Suppose we have the following sample data: \(5, 10, 15, 20, 25\).

1. **Calculate the Mean:**
   $[ \bar{x} = \frac{5 + 10 + 15 + 20 + 25}{5} = \frac{75}{5} = 15 ]$

2. **Subtract the Mean and Square the Result:**
   - $((5 - 15)^2 = (-10)^2 = 100)$
   - $((10 - 15)^2 = (-5)^2 = 25)
   - $((15 - 15)^2 = 0^2 = 0)$
   - $((20 - 15)^2 = 5^2 = 25)$
   - $((25 - 15)^2 = 10^2 = 100)$

3. **Sum of Squared Differences:**
   $[ 100 + 25 + 0 + 25 + 100 = 250 ]$

4. **Calculate the Sample Variance:**
   $[ s^2 = \frac{250}{5-1} = \frac{250}{4} = 62.5 ]$

So, the sample variance $(s^2)$ is 62.5.

### Interpretation

Variance gives you an idea of the spread of the data points. In this example, a variance of 62.5 indicates that, on average, the data points are spread out from the mean by about the square root of 62.5 (which is approximately 7.91). However, since variance is in squared units, standard deviation (the square root of variance) is often used to interpret the spread in the original units of the data.

### Key Points
- **Variance measures dispersion:** It shows how much the data points deviate from the mean.
- **Population vs. Sample:** Population variance uses \(N\) (total number of data points), while sample variance uses \(n-1\) (one less than the sample size) to correct for bias.
- **Squared units:** Variance is in squared units of the original data, which can make interpretation less intuitive.

By understanding variance, you gain insights into the variability and consistency of your data, which is essential for many statistical analyses and decision-making processes.
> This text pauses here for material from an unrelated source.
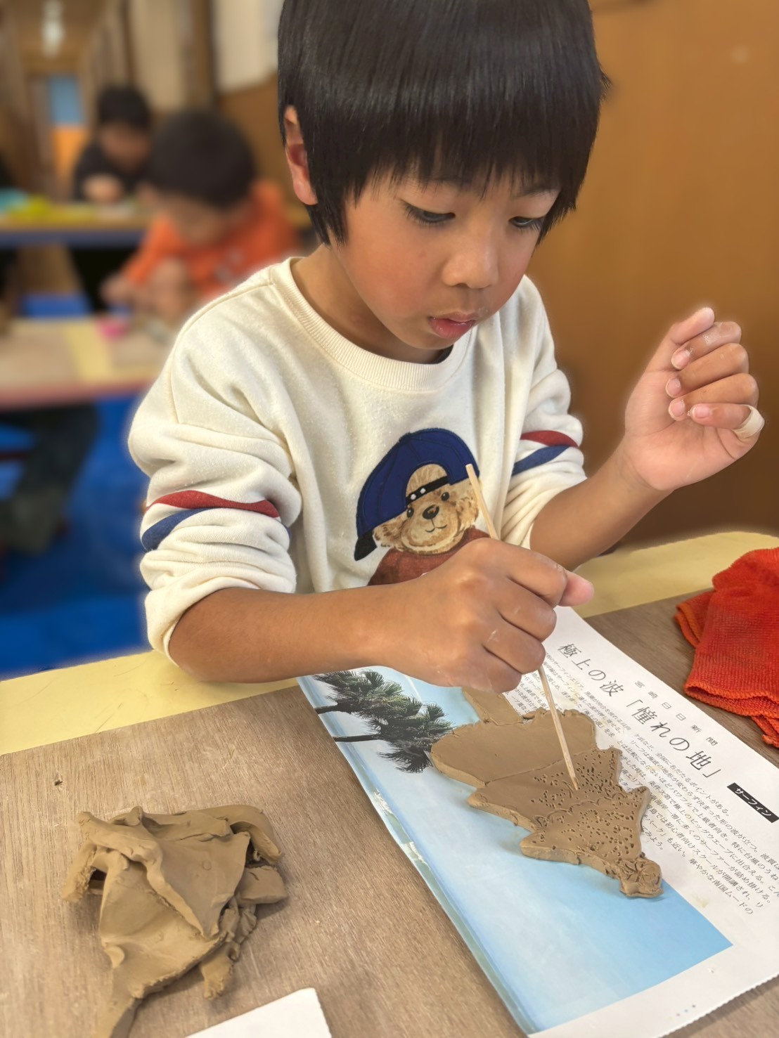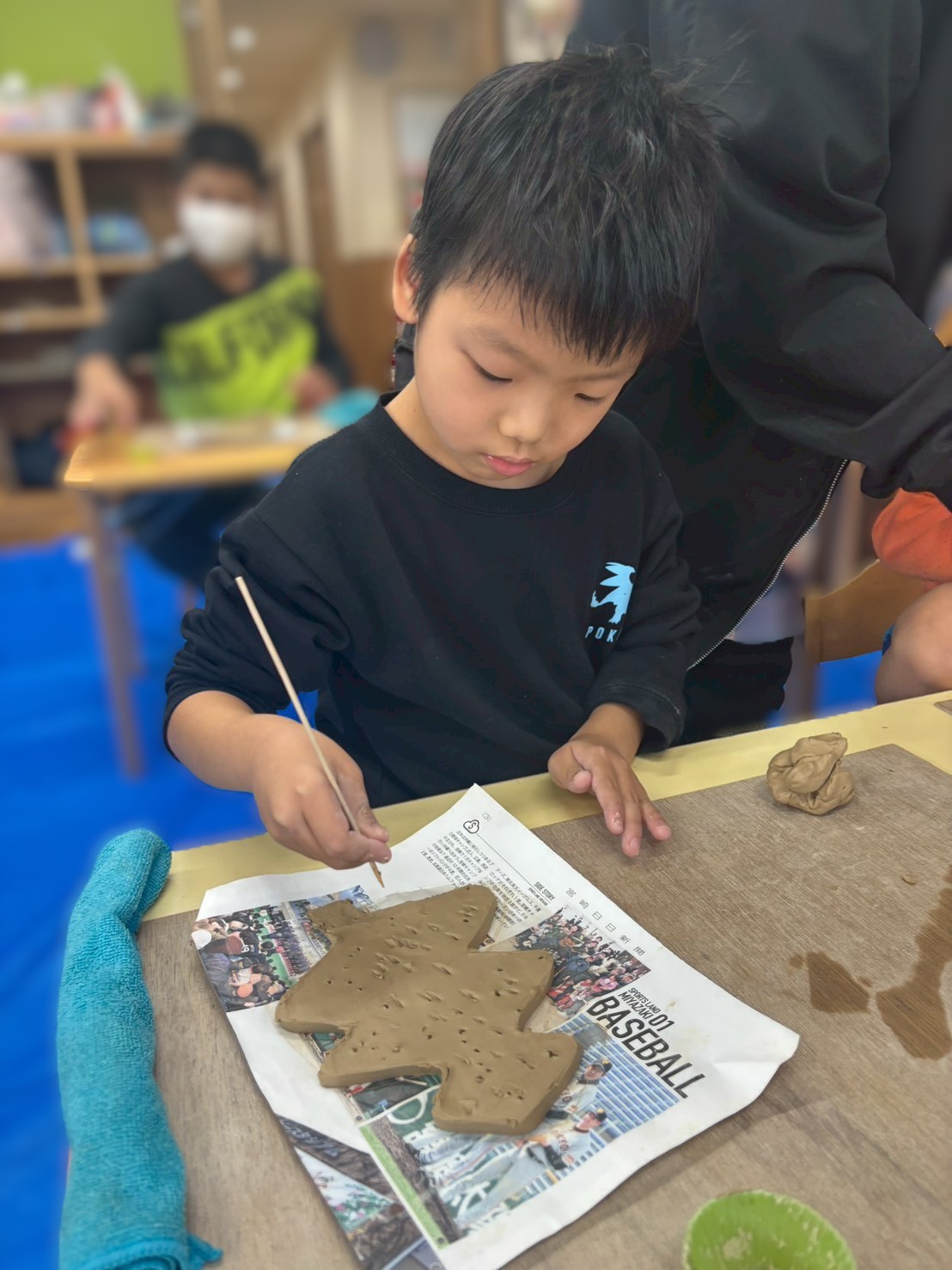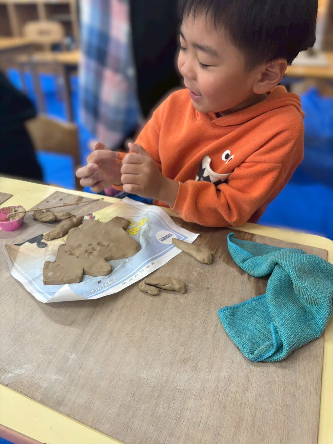 竹串を使って型取ったり、余った粘土で飾りをつくったりして

#WHY VARIANCE WHEN WE ALREADY HAVE STANDARD DEVIATION

Variance and standard deviation are both measures of dispersion or spread in a set of data. While they are closely related, they serve slightly different purposes and are used in different contexts. Here's why both measures are important:

### Variance

1. **Mathematical Simplicity in Formulas:**
   - Variance $(\sigma^2)$ for population, $(s^2)$ for sample) is the foundation for many statistical formulas and techniques. For example, in inferential statistics, the calculation of confidence intervals, hypothesis tests, and other advanced statistical methods often start with variance.
   - Many theoretical properties in statistics are more conveniently expressed in terms of variance. For example, the variance of the sum of independent random variables is the sum of their variances.

2. **Additive Property:**
   - Variance has an additive property that standard deviation does not have. For two independent random variables \(X\) and \(Y\), the variance of their sum is equal to the sum of their variances:
     $[ \text{Var}(X + Y) = \text{Var}(X) + \text{Var}(Y) ]$

3. **Quadratic Nature:**
   - The squaring of deviations in variance amplifies the effect of larger deviations. This property is useful in many contexts, such as when assessing the spread of data and identifying outliers.

### Standard Deviation

1. **Interpretability:**
   - Standard deviation $((\sigma)$ for population, $(s)$ for sample) is in the same units as the original data, making it easier to interpret. For example, if you are measuring heights in centimeters, the standard deviation will also be in centimeters.
   - It provides a direct sense of how much the data varies from the mean, making it more intuitive for reporting and explaining variability.

2. **Comparability:**
   - Standard deviation allows for easier comparison of variability between different datasets, especially when the units of measurement are the same. It is often used in descriptive statistics for this reason.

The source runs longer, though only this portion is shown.